The Opportunity
Enabling Unit Level Traceability & Labelling on all semiconductors
The semiconductor industry supply chain needs more than ever the tools required for Unit Level Traceability of semiconductors. This is needed when a semiconductor fails in the field. Mission-critical devices require an investigation. The Root Cause Anaylis is most effective when the semiconductor X & Y position on the wafer is available. Saving time, guesswork and sometimes limiting siginifically a recall.
Industry driver for adopting Digitho's Unit Level Traceability and Labelling Solution
Supply Chain Complexity
The semiconductor industry supply chain is highly complex as many stakeholders have specific and specialized role from the fabrication to the final assembly of a
device.
In addition, Fabless (design house) are developing new semiconductor design which sometimes delegates the execution of the semiconductor to an aggregator. In other situations, one semiconductor design ends up with multiple competing devices.
Making semiconductors is designed around the principle that all parts are identical, using lithographic processes to optimize throughput and quality.

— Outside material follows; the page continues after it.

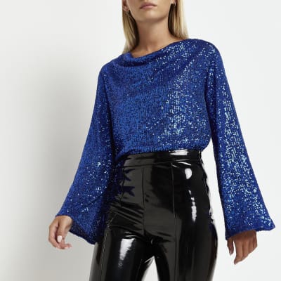 - Blue sequin long sleeve top sale online
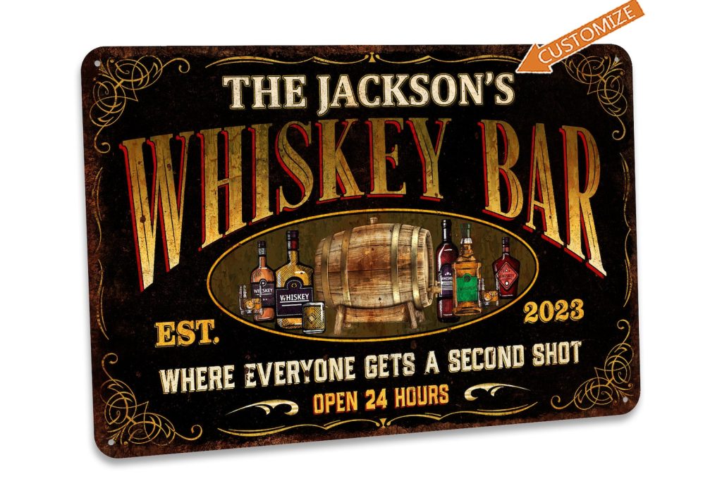 Custom Whiskey Bar Sign Vintage Design Personalized Metal Sign Home Bar Decor Man Cave Sign Pub Tavern Bourbon Gift For Him 108122002165

Semiconductor Design for Added Functionalities
The complexity of the design of semiconductors is bringing new challenges
for the industry.
With chiplets, removing the black packaging brings in additional issues with labelling. In addition, the chip design on a chip or 2D design was usually produced in one FAB in a fully integrated design. Today, the components of a chiplets are sourced from multiple FABs and the traceability of each components is becoming even more difficult.
Mission-Critical Applications
Life-Saving and life-sustaining devices are examples of Mission Critical devices.
The .semiconductors in those devices, especially sensors (MEMS), have a key role in the operation of the device, and today’s solutions do not allow Unit Level Traceability.
The lack of ULT or label is a growing issue as mass recalls are required.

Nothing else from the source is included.